Abstract:This paper proposes a new data-driven method for predicting water temperature in stream networks with reservoirs. The water flows released from reservoirs greatly affect the water temperature of downstream river segments. However, the information of released water flow is often not available for many reservoirs, which makes it difficult for data-driven models to capture the impact to downstream river segments. In this paper, we first build a state-aware graph model to represent the interactions amongst streams and reservoirs, and then propose a parallel learning structure to extract the reservoir release information and use it to improve the prediction.

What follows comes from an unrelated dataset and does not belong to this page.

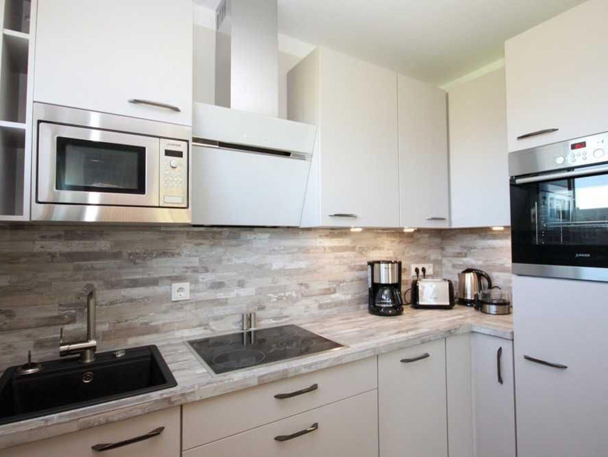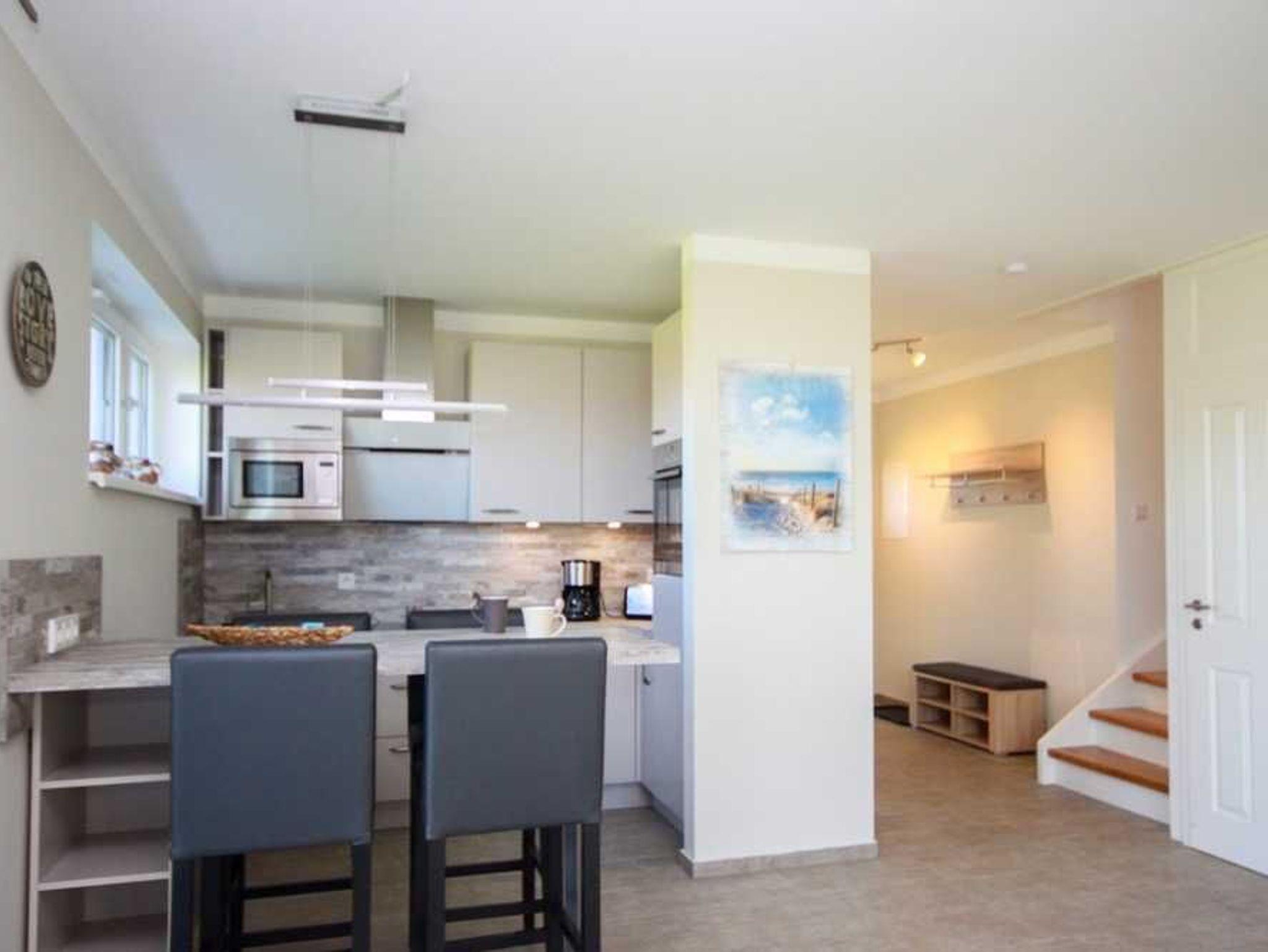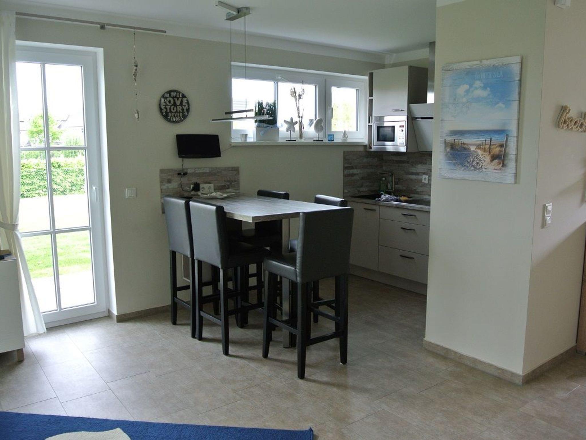 Der großzügig gestaltete Wohn-Essbereich befindet sich ebenfalls im Erdgeschoss. Die moderne Einbauküche sowie div. Küchengeräte wie Toaster, Eierkocher, Kaffeemaschine, Wasserkocher, Mikrowelle und Herd mit Cerankochfeld und Backofen bieten ambitionierten Hobbyköchen, auch im Urlaub, die Möglichkeit Essen nach eigenen Wünschen zu kochen. Im Küchenbereich rundet ein Hochtisch inkl. vier Barhocker das moderne Design ab.

In particular, for reservoirs with no available release information, we mimic the water managers' release decision process through a pseudo-prospective learning method, which infers the release information from anticipated water temperature dynamics. For reservoirs with the release information, we leverage a physics-based model to simulate the water release temperature and transfer such information to guide the learning process for other reservoirs. The evaluation for the Delaware River Basin shows that the proposed method brings over 10\% accuracy improvement over existing data-driven models for stream temperature prediction when the release data is not available for any reservoirs. The performance is further improved after we incorporate the release data and physical simulations for a subset of reservoirs.